** Work order **
No pictures go in the copy. Restate, word for word, each line from the one containing "ケース カバー iphoneケース" through the last line below.

** Dataset content **
== Segment start ==
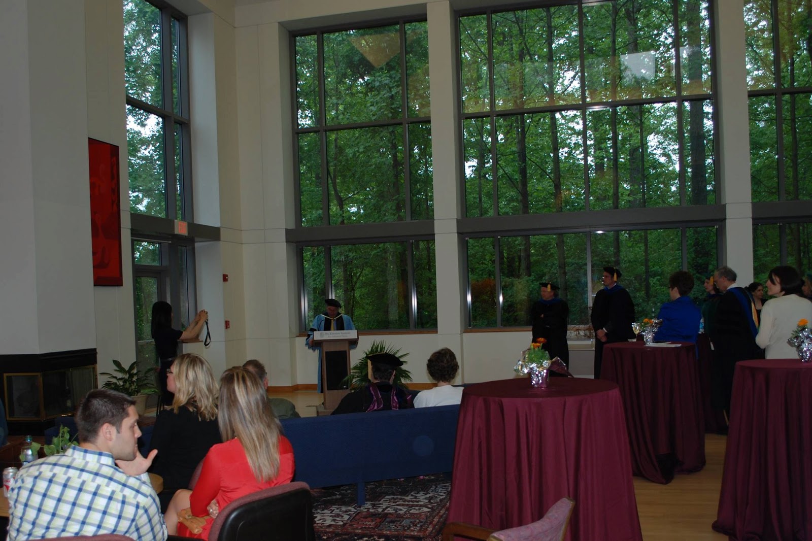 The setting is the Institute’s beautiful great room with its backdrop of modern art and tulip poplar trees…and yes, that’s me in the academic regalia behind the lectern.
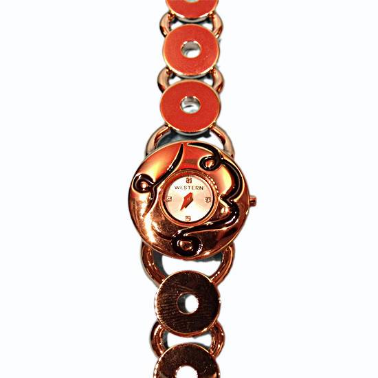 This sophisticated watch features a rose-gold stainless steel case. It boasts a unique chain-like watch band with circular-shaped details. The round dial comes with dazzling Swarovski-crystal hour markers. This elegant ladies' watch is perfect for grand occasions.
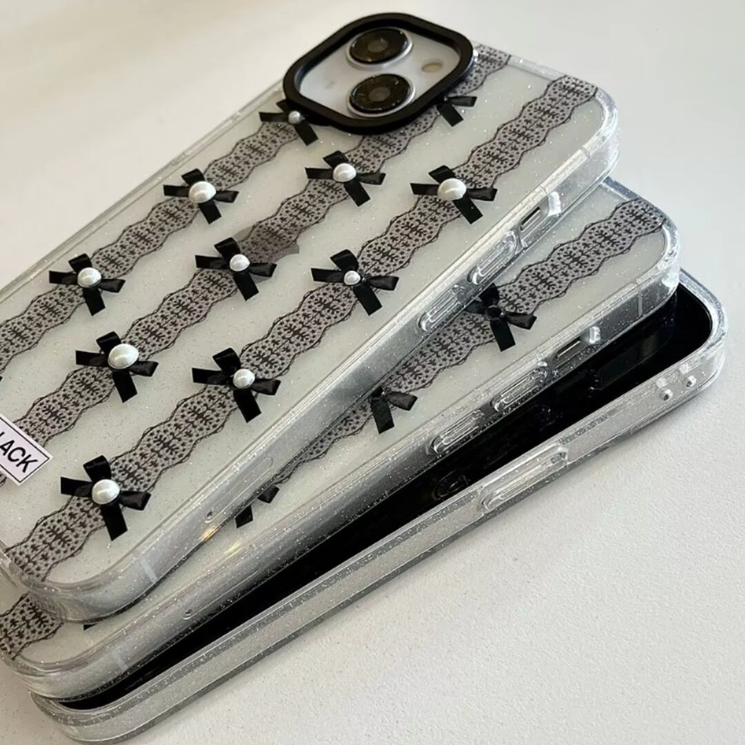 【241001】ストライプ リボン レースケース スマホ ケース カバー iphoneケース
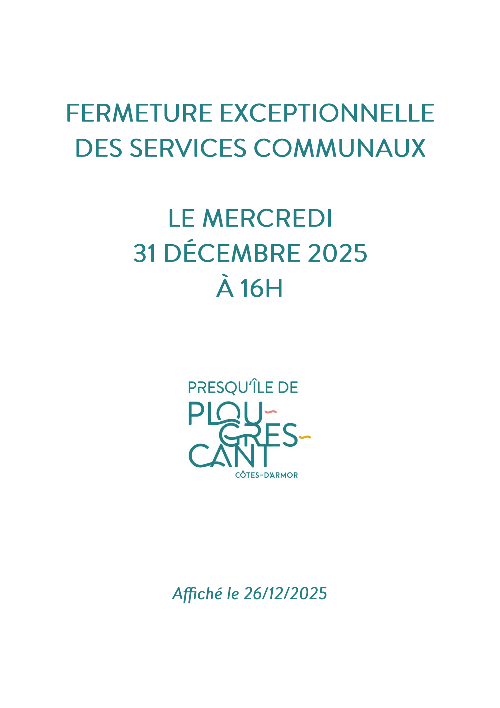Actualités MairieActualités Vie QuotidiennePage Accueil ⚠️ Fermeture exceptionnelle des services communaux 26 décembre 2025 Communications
== Segment end ==
** Written response **
 【241001】ストライプ リボン レースケース スマホ ケース カバー iphoneケース
Actualités MairieActualités Vie QuotidiennePage Accueil ⚠️ Fermeture exceptionnelle des services communaux 26 décembre 2025 Communications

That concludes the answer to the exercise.